EFS Interactions and Dependencies
EFS is available only on computers running Windows Server 2003, Windows XP Professional, Windows 2000 Server, and Windows 2000 Professional, and using the NTFS file system.
However, there are differences between how EFS is implemented on Windows Server 2003 and Windows XP Professional compared to Windows 2000. In particular, systems running Windows Server 2003 and Windows XP Professional do not require the existence of a DRA, whereas EFS is disabled on systems running Windows 2000 unless there is a DRA.
On computers running Windows 2000, an EDRP is automatically configured on stand-alone computers when the local administrator initially logs on. This policy makes the local Administrator account the DRA for the computer. Recovery keys and a self-signed file recovery certificate are automatically generated. The local Administrator can change the default EDRP if needed.
In Windows 2000 Active Directory environments, a default recovery policy is configured for a domain when the first domain controller is set up.
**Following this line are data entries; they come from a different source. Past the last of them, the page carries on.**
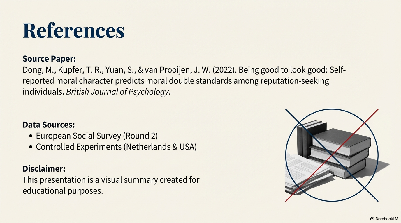 - 이중 잣대의 확인: 평판을 중시하는 소위 '도덕적' 개인들은 동일한 잘못에 대해 타인보다 자신에게 훨씬 관대한 기준을 적용했다.
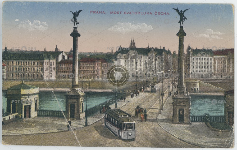 1919 Antonín Popp Art Nouveau barevná bridge color colored Čechův most Josefov kolorovaná Mikulášská místopis most Pařížská Prague Praha river řeka sculpture secese sloup socha statue Svatopluka Čecha světlonoš topography tram tramvaj Viktorie Viktorií Vltava židovské město
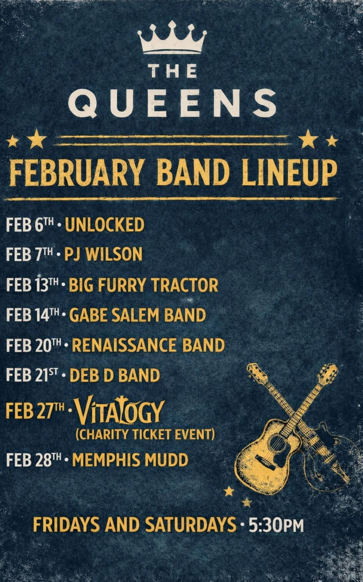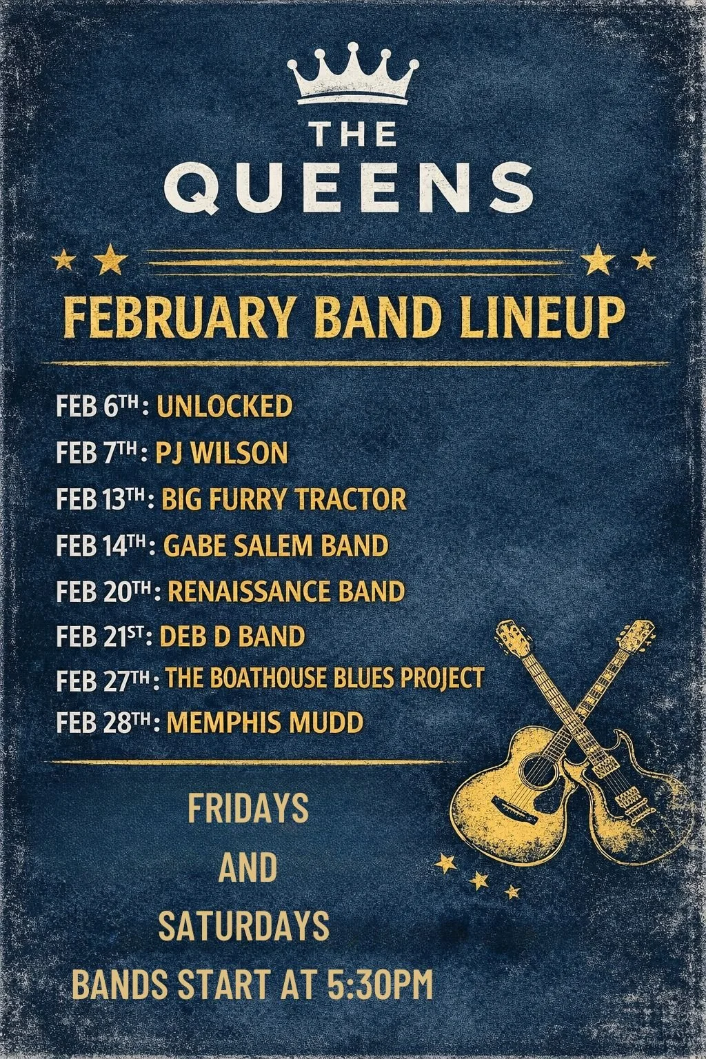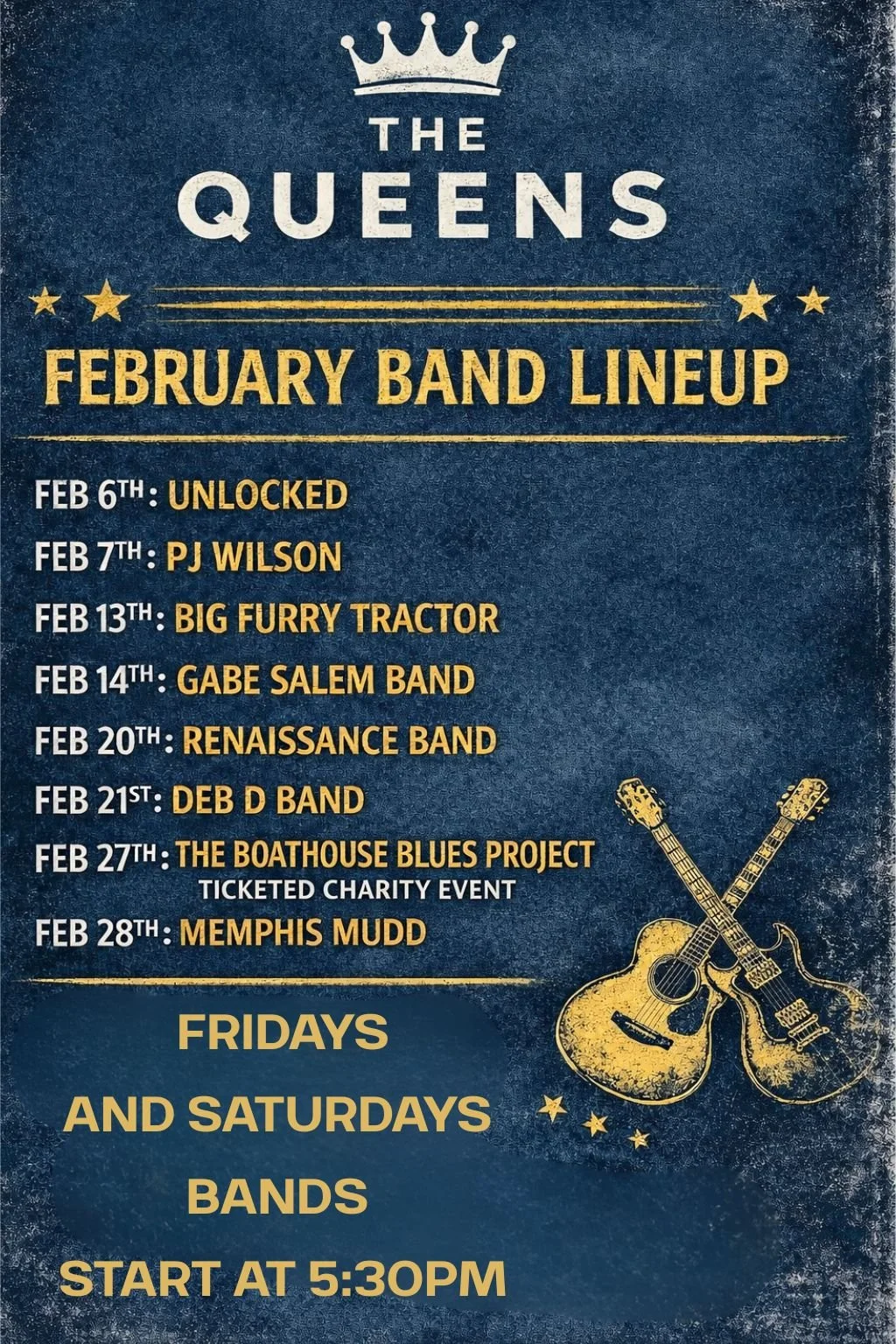 QUEENS LIVE ORIGINAL MUSIC - SUN/WED/THURS COMING FRI & SAT WINTER 2025. *MUST CHECK CALENDAR
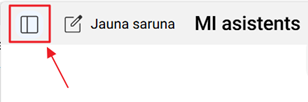 - Sarunas - tiek attēlotas lietotāja veiktās sarunas ar MI asistentu. Noklikšķinot uz attiecīgo ierakstu, saruna tiek atvērta sarunu logā, un lietotājam ir iespējams sarunu par attiecīgo jautājumu turpināt.

The default recovery policy uses a self-signed certificate to make the domain administrator account the DRA. The domain Administrator can change the default EDRP if needed.
The following interactions and dependencies also affect how EFS can be used:
You can use EFS to encrypt or decrypt data on a remote computer, but you cannot use it to encrypt data sent over the network unless Web Distributed Authoring and Versioning (WebDAV) encryption is configured. Otherwise, IPSec should be used to protect data across the network.
You cannot encrypt system files or folders.
You cannot encrypt compressed files and folders until you decompress them.
If you encrypt an entire folder, temporary copies of encrypted files that it contains are also encrypted.
If you copy a file into an encrypted folder encrypts the file, but if you move it into the folder the file remains encrypted or unencrypted, just as it was before you copied the file.
If you move or copy EFS files to another file system, encryption is removed, but if you back them up, the encryption is preserved.
When you encrypt a file, other file permissions are unaffected. An administrator, for instance, can still delete your EFS file even though the administrator cannot open it.
You must have EFS certificates available to use EFS. If you do not currently have a public key infrastructure (PKI), you can use self-signed certificates. If you have a PKI, you can configure them to provide EFS certificates.
EFS in Windows Server 2003 and Windows XP Professional includes the following features that are not available on systems running Windows 2000:
Additional users can be authorized to access encrypted files.
Certificates can be checked for revocation status when encrypted files are shared. (revocation is checked only when a user is added to an encrypted file)
Offline files can be encrypted.
The Advanced Encryption Standard (AES) and DES (3DES) encryption algorithms are supported.
Encrypted files can be stored in Web folders using WebDav.
EFS can be used with Windows Server 2003 clusters.
File recovery policy can be configured with greater flexibility.